Australian Proposal Would Require Suspicionless Domestic Spying by ISPs


Nadia Kayyali and Jeremy Malcolm
Electronic Frontier Foundation


The Australian government announced new anti-terrorism measures this week, in response to the alleged involvement of Australian citizens with extremist groups in countries including Syria and Iraq. Quietly omitted from the briefing at which those changes were announced, but separately leaked to the press this week, were the government's plans to introduce mandatory data retention requirements for Australian Internet Service Providers (ISPs).

These changes are causing an outcry from privacy advocates and political parties alike. And they should.
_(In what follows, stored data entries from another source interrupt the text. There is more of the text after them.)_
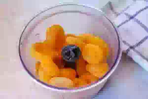 3. Вареную курагу из кастрюли переложить в чашу блендера и пробить до получения однородной массы.
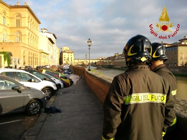ЧП на южном берегу реки Арно рядом с мостом Понте Веккьо произошло около 6:30 утра. В яму попали 20 машин.
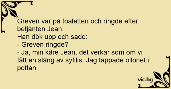 - Ja, min käre Jean, det verkar som om vi fått en släng av syfilis. Jag tappade ollonet i pottan.
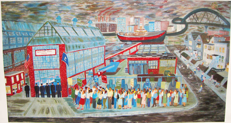 About a month ago, Paul D’Ambrosio, a colleague and Facebook friend, asked me if Ralph Fasanella’s painting Welcome Home Boys was still in the Oakland Public Library’s main branch. I live 2.5 miles from the library and visit it regularly, but I had to admit to Paul—Fasanella scholar and Chief Curator of the Fenimore Art Museum in New York—that not only had I never seen it, I didn’t even know such a painting was exhibited here on the West Coast.

The new measures remain shrouded in confusion—some of which is coming from its very proponents. There have been conflicting reports about whether users' browser history would be hoovered up by the new surveillance laws. And in a now infamous interview, Attorney General George Brandis struggled to explain how retaining the addresses of websites visited was different than determining what content users were viewing. Prime Minster Tony Abbott also attempted and failed to make the same distinction two days later.

The government has attempted to clarify, emphasizing that the data retained would include the IP addresses of websites visited, as well as the time and duration of visits. Also included would be senders' and recipients' email addresses, IP addresses assigned to users, as well as details of phone calls such as caller and recipient numbers, caller location and duration.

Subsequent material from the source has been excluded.